The hearing which was seeking to address rising antisemitism on campus, brought President Magill and other University presidents to the Capitol for questioning. As a former intern on the Committee, I was very disappointed to not be present in person, but I was also very intrigued to see how President Magill would respond to critique from the members. In many of her responses she reiterated some form of the above statement.
However, while our President’s words are good in theory, simply continuing to say we are committed to “free expression” doesn’t answer the question of what that entails. Does free speech just mean allowing protests or does it oblige us to cultivate a culture of civil discourse? What constitutes protected speech on campus, and where does that end and conduct begin?
President Magill is not alone in emphasizing this principle — in response to calls to discipline faculty and students who have been accused of antisemitism, many pro-Palestinian groups have invoked “academic freedom.” As many readers likely know, I am an avid supporter of a very expansive definition of protected speech. I believe we should consistently prioritize the role of our institutions as places to expand the horizons of our views, and simultaneously see more speech as the best way to combat ideas with which we disagree.
In the past, I have written about commitments to intentional student activism, academic diversity of thought on campus, and even my concern about a lack of free speech on our social media platforms.
That said, those who are currently arguing for “free speech” have not always shared this broad commitment. Professor Jonathan Zimmerman, an unequivocal defender of free speech, called out this hypocrisy in a recent op-ed by invoking the story of an artist, Hannah Black, who had called for the destruction of a painting she found offensive, and in recent days has become a free speech advocate on Palestinian issues. Zimmerman writes, “But Black stood for censorship — of a fellow artist, at that — until people she liked started getting censored. And then she went all ACLU on us, invoking the Cold War red-baiter Joseph McCarthy and Joseph Welch, the brave lawyer who publicly challenged him.”
As Professor Zimmerman points out, instances like this seem to indicate that free speech is only a position as deeply held as the political whims of the moment. Unless it is someone from their ideological leanings who is at the other end of the censor, cancelation, or doxxing, many of these intellectuals don’t seem all that concerned with invoking the First Amendment.
To be clear, I am glad that issues of academic freedom and ideological diversity on college campuses are receiving support from those on the left. The presidents are right to say that universities should embrace broad open-expression principles, but as was pointed out by many of the members of the Committee, these commitments seem arbitrary and superficial at best. Approximately 26% of professors in the US are conservative, and of those, 58% find themselves self-censoring. Is it possible to foster a community of open expression if the ideology among outspoken faculty is so imbalanced?

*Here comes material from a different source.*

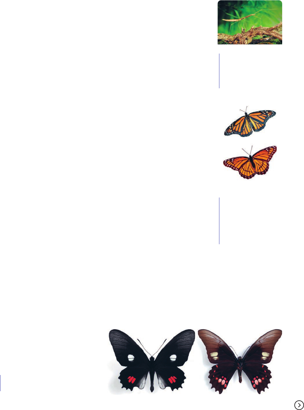 Mimetismo O mimetismo é outro fenômeno relacionado à interação entre seres vivos e que evidencia a ocorrência da seleção natural. Há vários tipos de mimetismo. Uma das formas mais conhecidas refere-se a situa- ções de camuflagem, em que alguns organismos apresentam características similares às de seu meio. É o caso, por exemplo, dos bichos-pau (grupo de insetos que parecem um graveto) ou dos insetos-folha (grupo de insetos que parecem uma folha), que têm características morfológicas semelhantes às das plantas em que vivem. Dessa forma, eles se camuflam no ambiente e seus predadores apresentam dificuldades para iden- tificá-los (figura 1.22). Além desse tipo de camuflagem visual, há estudos que evidenciam como orga- nismos podem se mimetizar “quimicamente”, como a rã Lithodytes lineatus, que vive na Amazônia. Essas rãs utilizam os ninhos das formigas saúvas do gênero Atta para se abrigar e se reproduzir. Nenhuma outra espécie de anfíbio ou vertebrado consegue sobreviver nesses ninhos. Experimentos envolvendo o uso de extrato da pele de Lithodytes lineatus em ou- tra espécie de rã evidenciaram que as substâncias produzidas pela Lithodytes fazem com que as formigas não ataquem a outra espécie. Acredita-se que essas substân- cias são similares às que as formigas utilizam para se reconhecer quimicamente. Essa característica dessa espécie leva a uma diminuição de ataques de predadores aos adultos, aumentando a sobrevivência dos indivíduos e garantindo a eles um lugar protegido para que depositem os ovos, de forma a intensificar seu sucesso reprodutivo. Outros organismos apresentam mecanismos semelhantes, como bac- térias que vivem no intestino humano. Em outro tipo de mimetismo, as espécies evoluem e tornam-se semelhantes a ou- tras que apresentam algum tipo de defesa – em geral, contra predação. Por exem- plo, a borboleta monarca (Danaus plexippus) alimenta-se de compostos tóxicos, aos quais é resistente, e os retêm em seus tecidos. Predadores que ingerem essa borbo- leta apresentam enjoo e, por isso, acabam por evitá-la. A borboleta vice-rei (Lime- nitis archippus) não é tóxica, porém, é bastante parecida com a borboleta monarca, como mostra a figura 1.23. Assim, a pressão seletiva favorece a sobrevivência de indivíduos da população de vice-rei mesmo que essa espécie não seja tóxica como a monarca, já que os predadores não diferenciam visualmente as duas espécies e, consequentemente, não atacam indivíduos da população de vice-rei. Mas as situações de mimetismo podem ser complexas do ponto de vista evolutivo e surpreender. Em 2016, pesquisadores da Universidade Estadual de Campinas (Unicamp-SP) e da Universidade de Brasília (UnB-DF) publicaram um estudo com duas espécies de borboleta: Heraclides anchisiades capys e Pa- rides anchises nephalion. A primeira não apresenta toxicidade para os predadores e é muito rápida, enquanto a segunda é lenta e muito venenosa. Apesar dessas diferenças, as duas espécies têm um padrão de coloração muito parecido. À primeira vista, seria de se esperar que a borboleta não venenosa tivesse sofrido pressão seletiva e desenvol- vido coloração semelhante à da borboleta venenosa (figura 1.24) e que essa estratégia de defesa a protegeria contra predadores. Isso significa que o último ancestral comum da borboleta não tóxica teria mimetizado a borboleta tóxica e que essa vantagem adaptativa teria permitido que ela se espalhasse nas Américas. Porém, dados do estudo indicaram o contrário, isto é, que a borboleta venenosa imitou a borboleta não tóxica e rápi- da, minimizando assim as chances de predação, já que aves atacavam menos frequentemente a borboleta de voo rápido, pois tinham menos chance de capturá-la. # Figura 1.22 – O bicho-pau (ordem Phasmatodea; espécies variam de 3 a 30 centímetros de comprimento) assemelha- se a um graveto e, assim, consegue camuflar-se. # Figura 1.23 – (a) Borboleta vice-rei (Limenitis archippus; cerca de 7,5 centímetros de envergadura); (b) Borboleta monarca (Danaus plexippus; cerca de 10 centímetros de envergadura). # Figura 1.24 – Borboletas Parides anchises (à esquerda) e Heraclides anchisiades (à direita), ambas com cerca de 9 centímetros de envergadura. (a) (b) d v a n d e /S h u tt e rs to ck L e e n a R o b in s o n /S h u tt e rs to ck F o to s : a ls lu ts k y /S h u tt e rs to ck(a) (b) 29Fundamentos dos processos evolutivos 010a040_V2_CIE_NAT_Mortimer_g21Sc_U1_Cap1_LA.indd 29010a040_V2_CIE_NAT_Mortimer_g21Sc_U1_Cap1_LA.indd 29 21/09/2020 18:5921/09/2020 18:59 ARTICULAÇÃO DE IDEIAS 1. Leia o texto a seguir e responda às perguntas. Parecidos, mas diferentes Na maior parte dos rios na América do Sul é comum encontrar grupos de pequenos cascudos – co- nhecidos entre os aquaristas como “limpa fundo” – que, à primeira vista, parecem iguais. Mas, apesar de muito parecidos, não pertencem à mesma espécie, segundo estudo publicado na edição desta quin- ta-feira (6/1) da revista Nature [...]. A pesquisa, feita por cientistas do Brasil e do Reino Unido, revelou que comunidades de cascudos, ainda que possuam exemplares com padrões e cores praticamente idênticas, podem conter três ou mais espécies diferentes. O estudo observou que as espécies adotam o chamado mimetismo mülleriano, no qual os exem- plares são tanto modelos como mímicos, adotando padrões e cores semelhantes para o benefício de todos, como na defesa contra predadores. A convivência entre as espécies é notável. “Embora aparentemente idênticos em termos de padrão de cores, nossa análise aprofundada das relações genéticas, da dieta, da forma corporal e de outros padrões revelou que 92% das comunidades analisadas continham espécies que não competiam entre elas por alimentos”, disse Markos Alexandrou, da Universidade Bangor, no Reino Unido, um dos autores do estudo. Apesar de evoluírem para uma aparência similar,
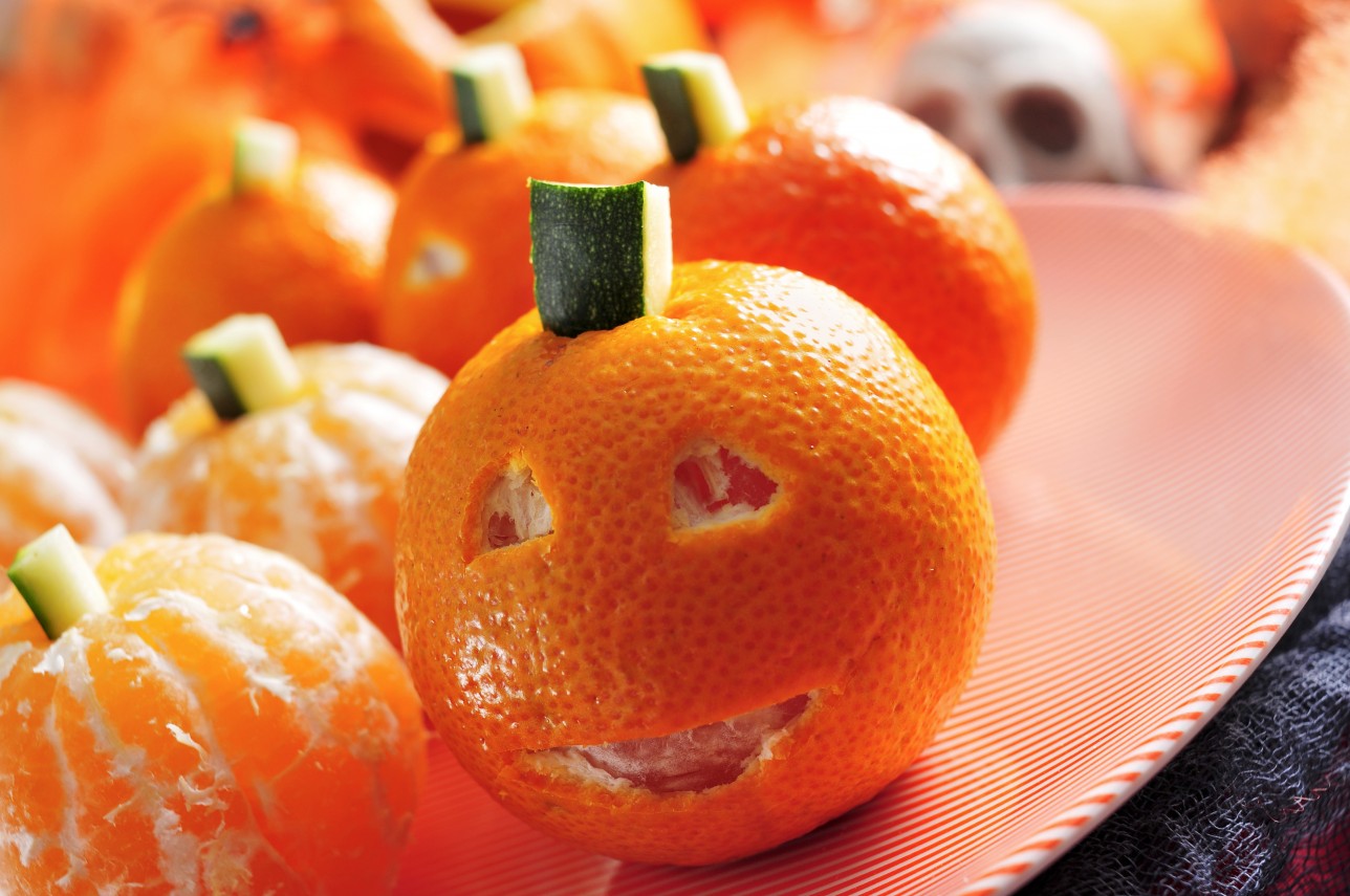 Hoy será una noche especial!!!! Siiii ya sé que no es Halloween aún, pero ya que íbamos a probar las mandarinas tan ricas que nos han enviado desde naranjasking.com supuse, que disfrazarlas de modo que colaboren con nuestras preparaciones de hoy, quedarían muy ricas.

This hypocrisy seems to apply to requests for “institutional neutrality” on the part of Penn as well. Institutional neutrality seems ideal; UChicago’s position has allowed them to avoid much of this controversy, and I broadly agree with fellow columnist Brett Seaton’s position that “Political university presidents are bad for business.” However, it seems utterly implausible to imagine an apolitical Penn considering the wealth of statements the University has put out (with relatively little pushback) on every issue of recent years from the Supreme Court’s reversal of Roe v. Wade to the death of George Floyd. This is true across the board at our peer institutions, as pointed out in The Daily Princetonian. How can a University cultivate free speech in any meaningful way if it has taken a stance on every political issue under the sun?
While it seems fairly clear what the practical and institutional barriers are to this so-called “open expression” on campus, there also seems to be a very obvious misunderstanding of what constitutes protected speech. As described by constitutional lawyer and civil-libertarian Ilya Shapiro in a recent op-ed, “Much of what we’ve witnessed on campuses over the past few weeks is not, in fact, speech, but conduct designed specifically to harass, intimidate, and terrorize Jews.”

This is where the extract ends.